Work order:
Where the data below begins, start duplicating lines exactly, and finish with the line containing "Düğmeli, mavi renkte, midi"; add nothing else. Leave the pictures out.

Material for this task:

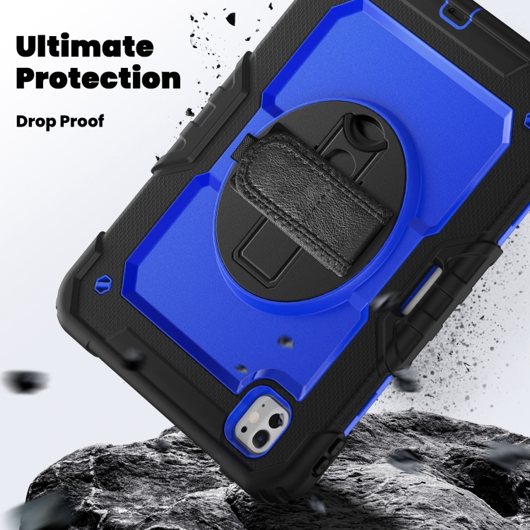 Funda híbrida de silicona para iPad Pro 11 (2024) con correa para el hombro (Azul Oscuro y Negro)
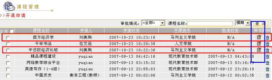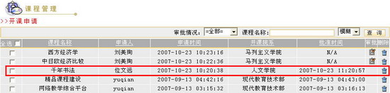 点击待审批课程右侧所对应的“审批” 图 2 指定课程编号点击“确定”按钮,完成审批操作,系统给出“成功加入课程”的提示信息: 图 3 课程添加成功需要说明的是,对于已经完成审批注册的课程,在开课申请列表中仍然会保留其开课申请记录,您可以在“批准时间”一列中查看课程的审批注册日期,当然,由于这些课程已完成审批注册,所以在“审批”一列中,您将无法看到“审批” 图 4 已经完成注册的课程删除课程点击已审批注册课程所在行的“删除” 图 5 取消并删除开课申请 |
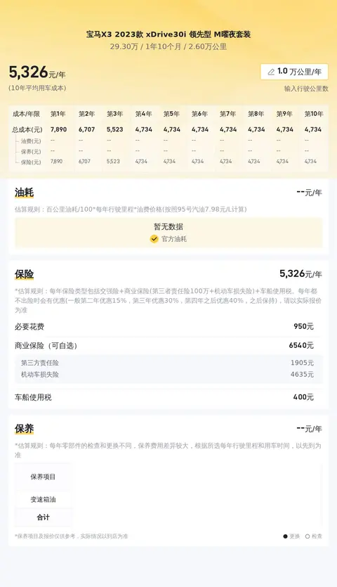 买车不是一锤子买卖,除了购车时的花销,还有日常使用花费。经过估算,这辆车的10年平均用车成本大概是每年1.5万元左右。
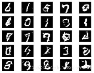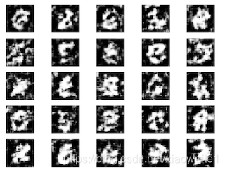 print("迭代次数:%d [D 损失: %f, 准确率: %.2f%], [G 损失: %f]" % (epoch, d_loss[0], 100 * d_loss[1], g_loss))
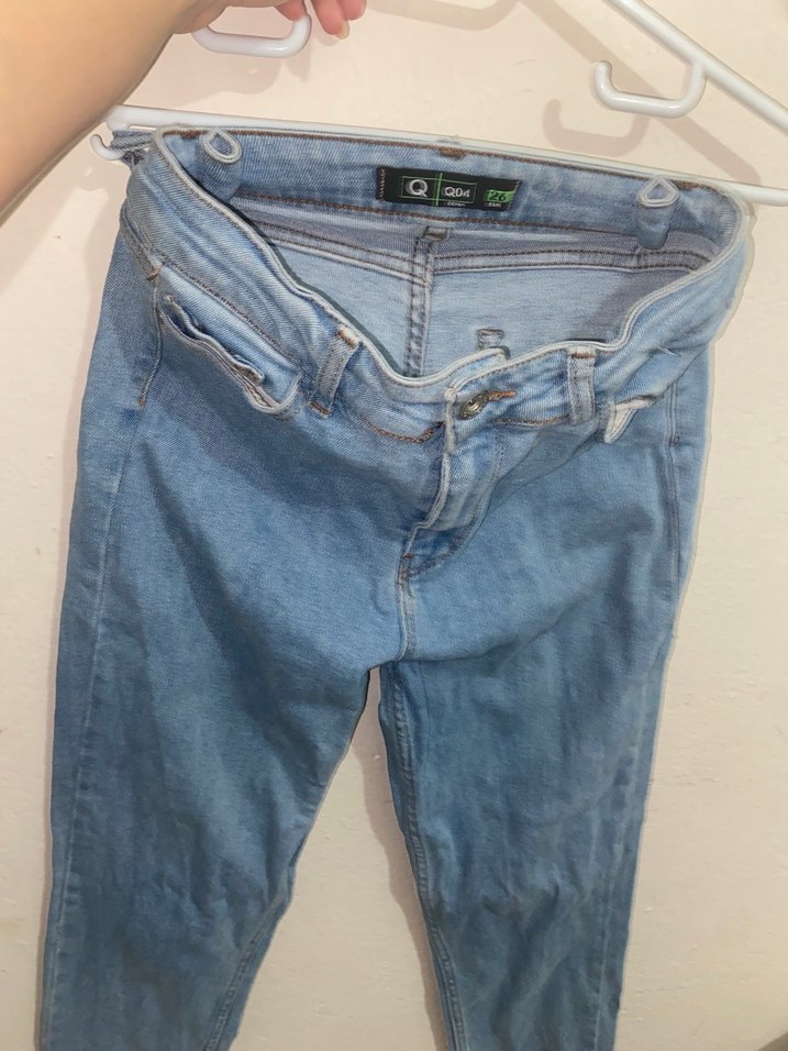 Düğmeli, mavi renkte, midi boy, dar kesim kadın kot pantolon. Günlük kullanıma uygun rahat ve şık bir seçenek.
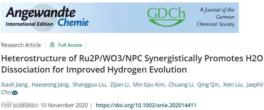 近日,青岛科技大学Qing Qin,刘希恩,蔚山国家科学技术研究所Jaephil Cho教授等在国际期刊ANGEWANDTE CHEMIE-INTERNATIONAL EDITION上发表题为“Heterostructure of Ru2P/WO3/NPC Synergistically Promotes H2O Dissociation for Improved Hydrogen Evolution”的研究工作。

Expected answer:
 Funda híbrida de silicona para iPad Pro 11 (2024) con correa para el hombro (Azul Oscuro y Negro)
 点击待审批课程右侧所对应的“审批” 图 2 指定课程编号点击“确定”按钮,完成审批操作,系统给出“成功加入课程”的提示信息: 图 3 课程添加成功需要说明的是,对于已经完成审批注册的课程,在开课申请列表中仍然会保留其开课申请记录,您可以在“批准时间”一列中查看课程的审批注册日期,当然,由于这些课程已完成审批注册,所以在“审批”一列中,您将无法看到“审批” 图 4 已经完成注册的课程删除课程点击已审批注册课程所在行的“删除” 图 5 取消并删除开课申请 |
 买车不是一锤子买卖,除了购车时的花销,还有日常使用花费。经过估算,这辆车的10年平均用车成本大概是每年1.5万元左右。
 print("迭代次数:%d [D 损失: %f, 准确率: %.2f%], [G 损失: %f]" % (epoch, d_loss[0], 100 * d_loss[1], g_loss))
 Düğmeli, mavi renkte, midi boy, dar kesim kadın kot pantolon. Günlük kullanıma uygun rahat ve şık bir seçenek.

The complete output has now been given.